• **Problem description**
Exact reproductions of all the entries, please, and no pictures.
Material provided: Begin
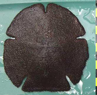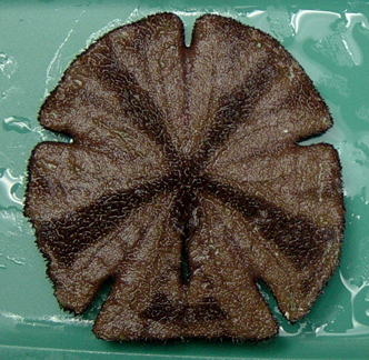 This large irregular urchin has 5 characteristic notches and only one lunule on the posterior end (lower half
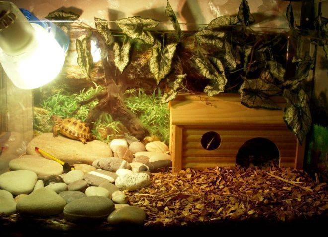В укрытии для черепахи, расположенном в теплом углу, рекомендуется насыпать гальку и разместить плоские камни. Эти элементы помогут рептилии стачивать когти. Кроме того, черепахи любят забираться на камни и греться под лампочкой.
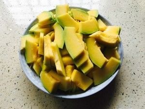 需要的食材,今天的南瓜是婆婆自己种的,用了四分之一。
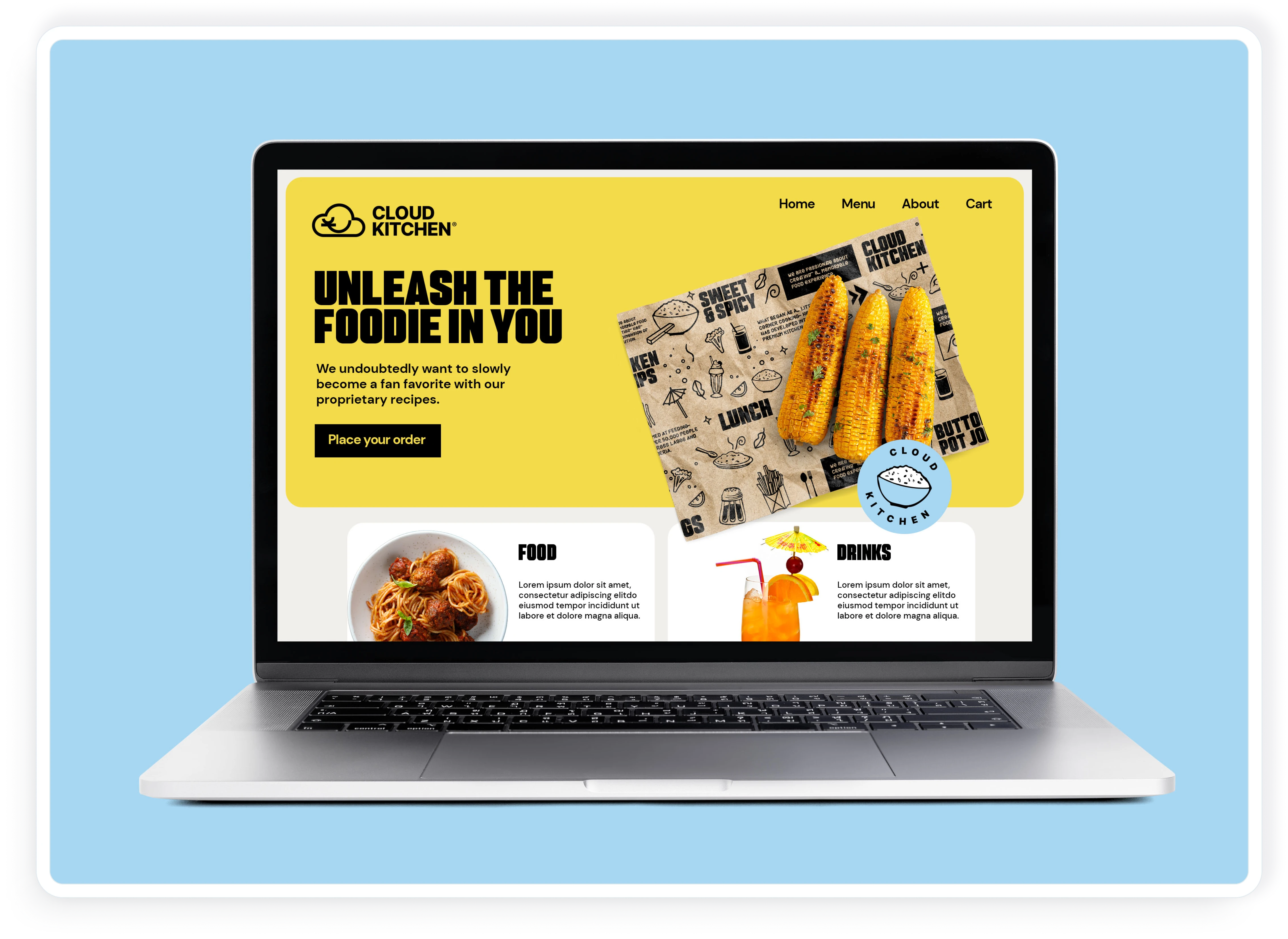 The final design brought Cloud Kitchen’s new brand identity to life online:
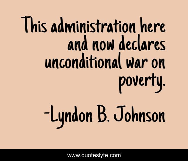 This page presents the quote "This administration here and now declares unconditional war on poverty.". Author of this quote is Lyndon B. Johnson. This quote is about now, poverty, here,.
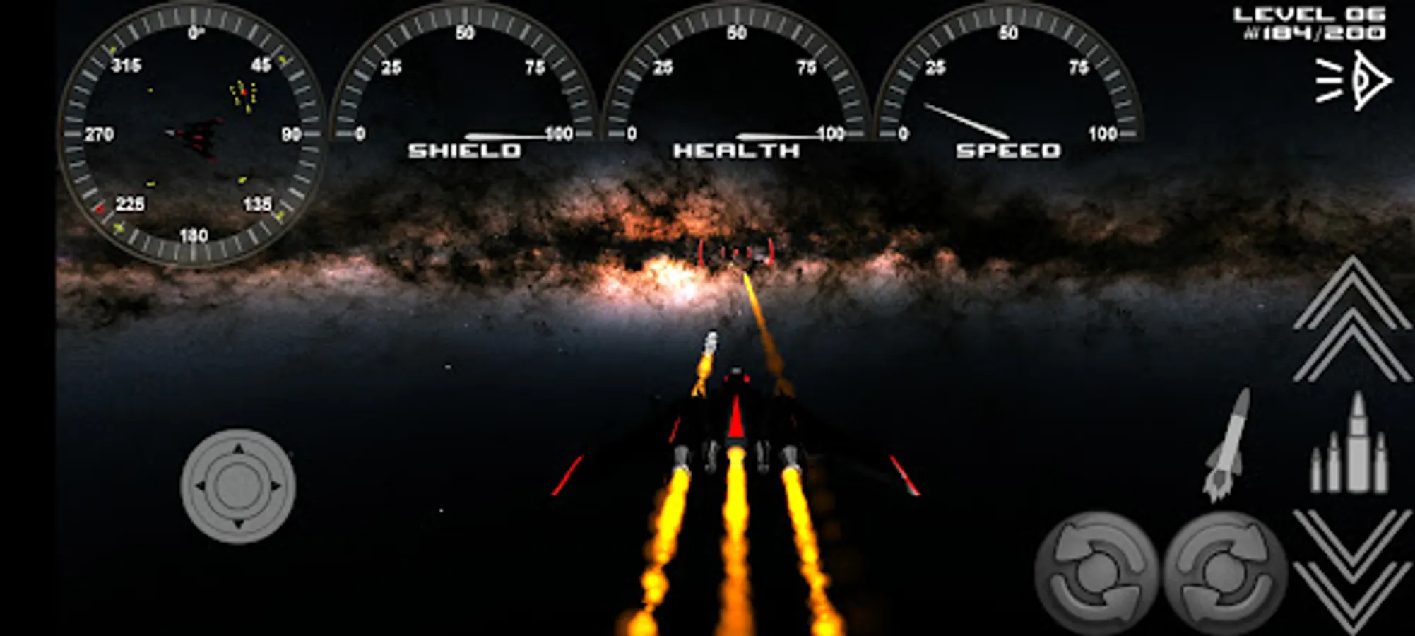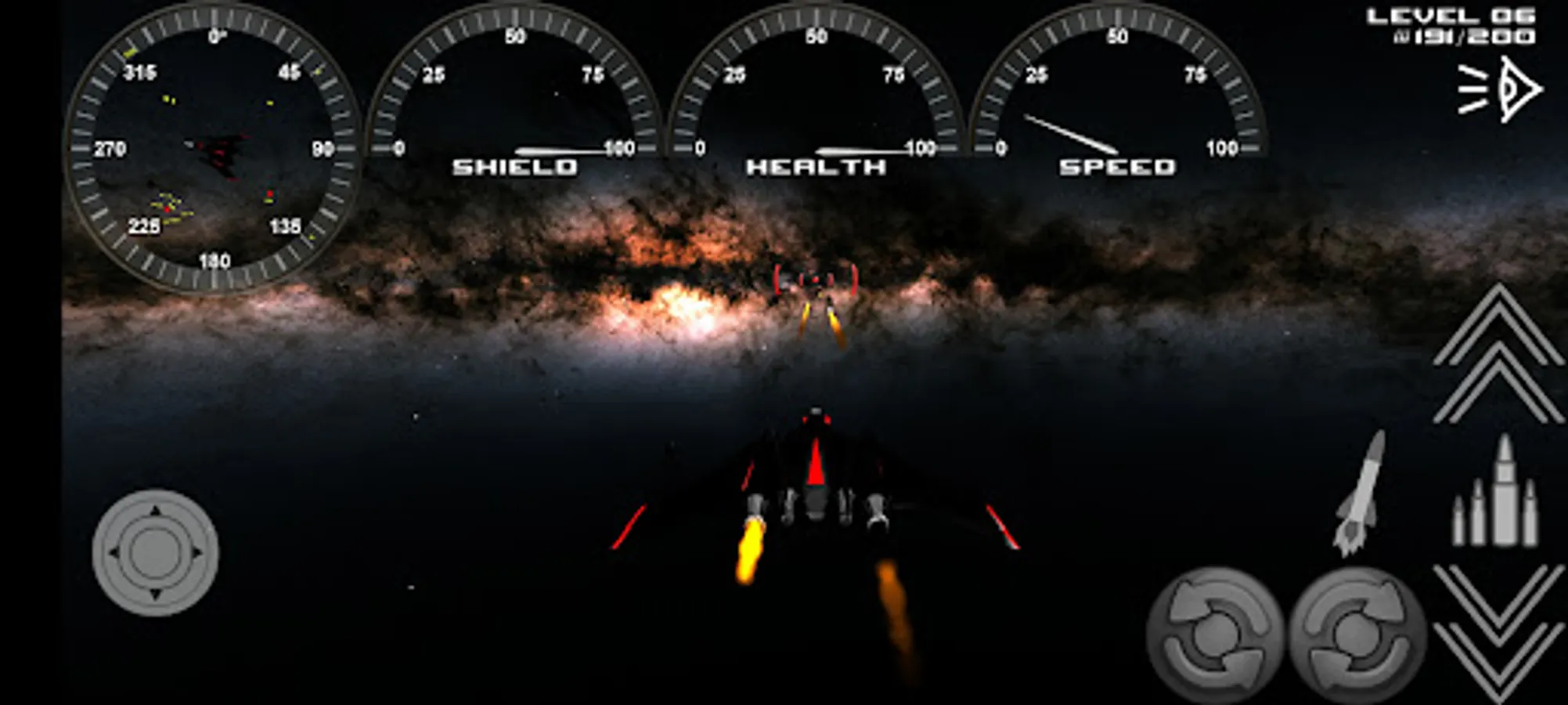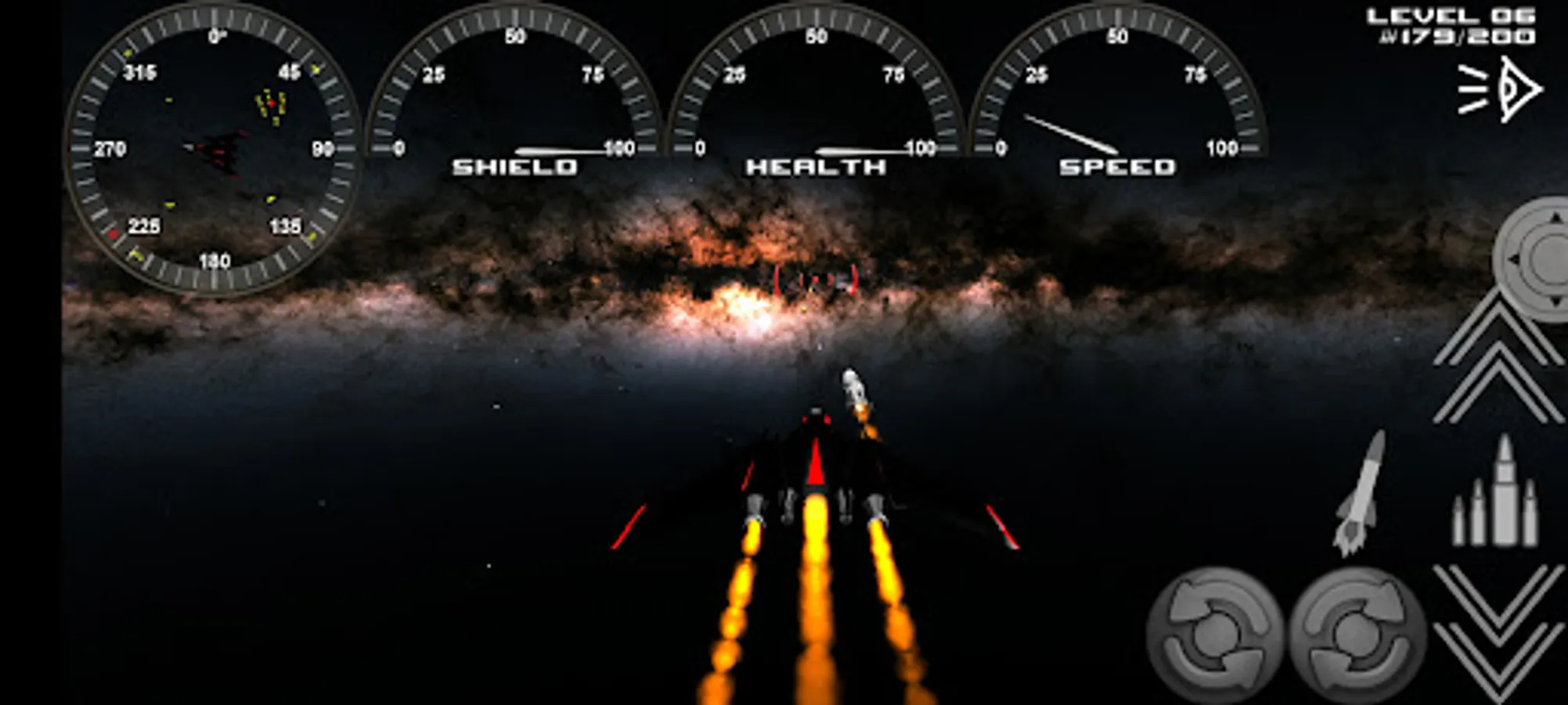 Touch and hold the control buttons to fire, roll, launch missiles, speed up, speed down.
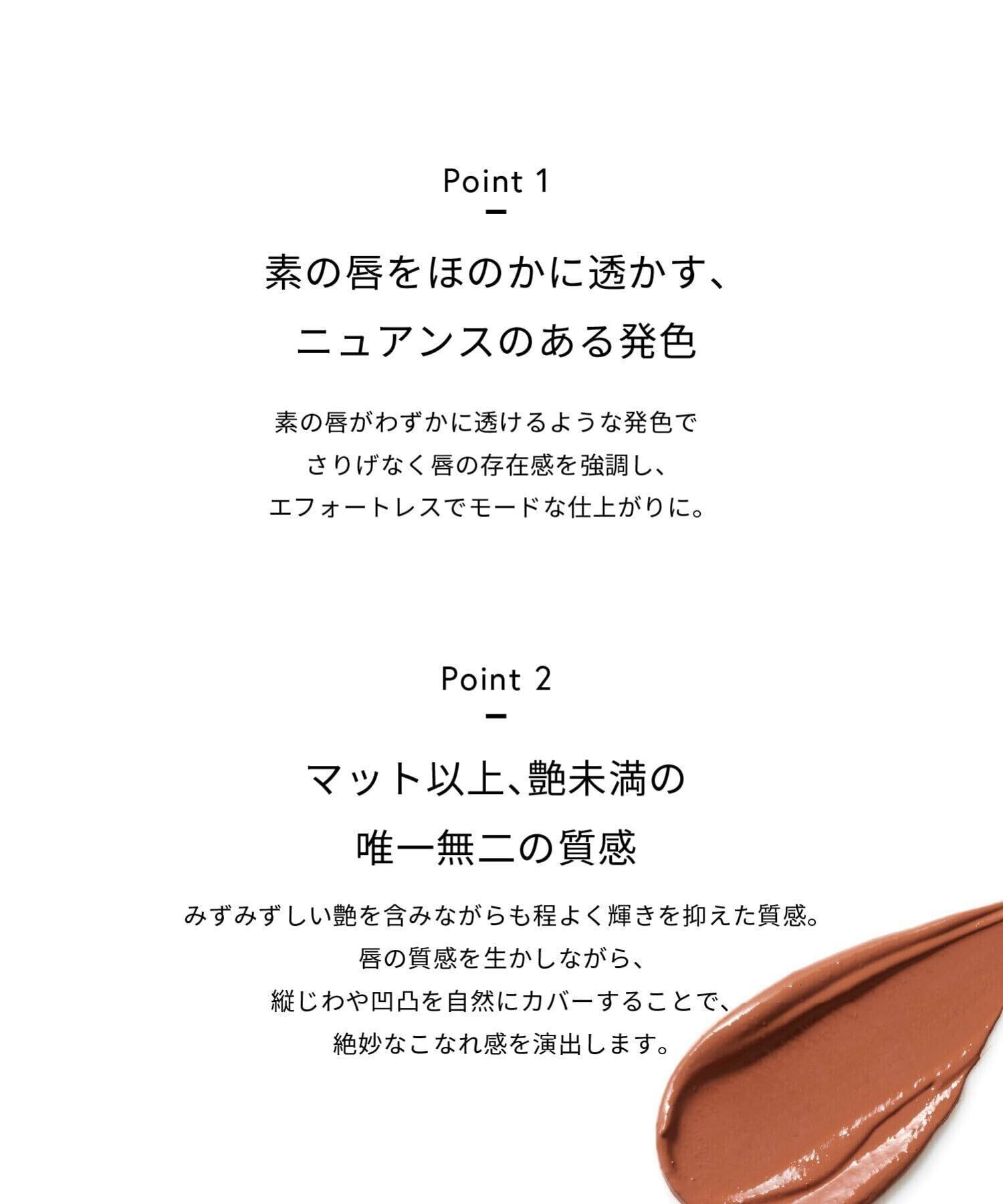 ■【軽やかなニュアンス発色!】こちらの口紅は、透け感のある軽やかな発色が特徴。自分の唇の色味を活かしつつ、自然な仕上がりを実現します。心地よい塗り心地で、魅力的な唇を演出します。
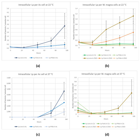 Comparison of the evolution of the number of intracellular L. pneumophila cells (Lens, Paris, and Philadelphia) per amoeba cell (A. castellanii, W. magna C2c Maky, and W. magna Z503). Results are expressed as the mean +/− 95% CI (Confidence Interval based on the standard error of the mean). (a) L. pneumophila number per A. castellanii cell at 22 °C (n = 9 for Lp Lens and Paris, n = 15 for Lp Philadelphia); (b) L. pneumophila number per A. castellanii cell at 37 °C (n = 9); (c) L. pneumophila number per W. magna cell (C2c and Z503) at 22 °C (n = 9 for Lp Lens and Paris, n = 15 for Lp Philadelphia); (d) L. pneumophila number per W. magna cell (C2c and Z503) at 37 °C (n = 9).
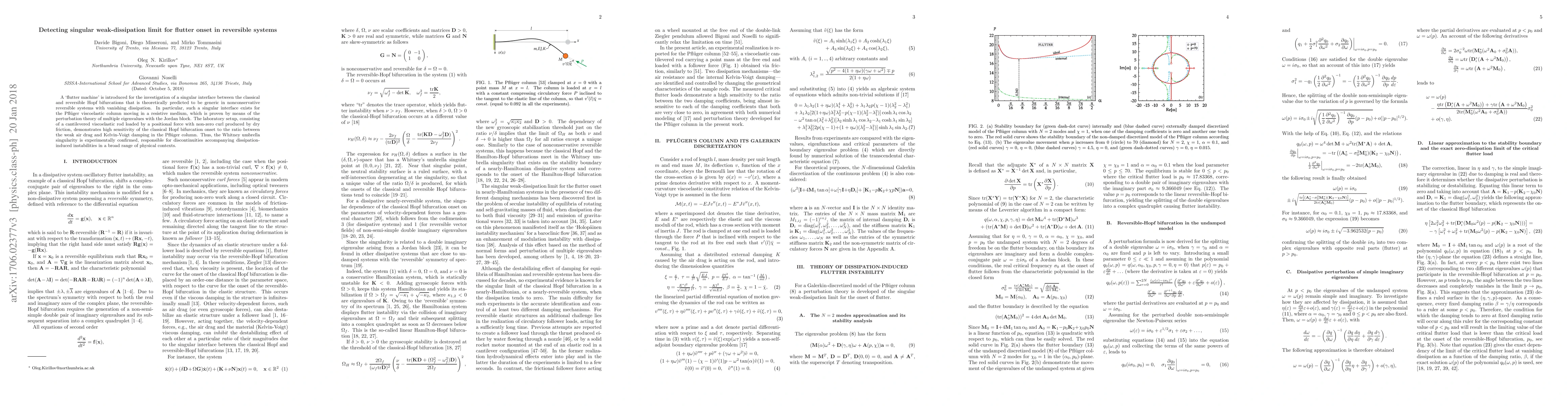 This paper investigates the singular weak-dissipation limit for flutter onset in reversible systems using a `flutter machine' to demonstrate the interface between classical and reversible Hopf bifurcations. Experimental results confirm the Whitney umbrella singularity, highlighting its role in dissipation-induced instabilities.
Material provided: End
• **Answer box**
 This large irregular urchin has 5 characteristic notches and only one lunule on the posterior end (lower half
В укрытии для черепахи, расположенном в теплом углу, рекомендуется насыпать гальку и разместить плоские камни. Эти элементы помогут рептилии стачивать когти. Кроме того, черепахи любят забираться на камни и греться под лампочкой.
 需要的食材,今天的南瓜是婆婆自己种的,用了四分之一。
 The final design brought Cloud Kitchen’s new brand identity to life online:
 This page presents the quote "This administration here and now declares unconditional war on poverty.". Author of this quote is Lyndon B. Johnson. This quote is about now, poverty, here,.
 Touch and hold the control buttons to fire, roll, launch missiles, speed up, speed down.
 ■【軽やかなニュアンス発色!】こちらの口紅は、透け感のある軽やかな発色が特徴。自分の唇の色味を活かしつつ、自然な仕上がりを実現します。心地よい塗り心地で、魅力的な唇を演出します。
 Comparison of the evolution of the number of intracellular L. pneumophila cells (Lens, Paris, and Philadelphia) per amoeba cell (A. castellanii, W. magna C2c Maky, and W. magna Z503). Results are expressed as the mean +/− 95% CI (Confidence Interval based on the standard error of the mean). (a) L. pneumophila number per A. castellanii cell at 22 °C (n = 9 for Lp Lens and Paris, n = 15 for Lp Philadelphia); (b) L. pneumophila number per A. castellanii cell at 37 °C (n = 9); (c) L. pneumophila number per W. magna cell (C2c and Z503) at 22 °C (n = 9 for Lp Lens and Paris, n = 15 for Lp Philadelphia); (d) L. pneumophila number per W. magna cell (C2c and Z503) at 37 °C (n = 9).
 This paper investigates the singular weak-dissipation limit for flutter onset in reversible systems using a `flutter machine' to demonstrate the interface between classical and reversible Hopf bifurcations. Experimental results confirm the Whitney umbrella singularity, highlighting its role in dissipation-induced instabilities.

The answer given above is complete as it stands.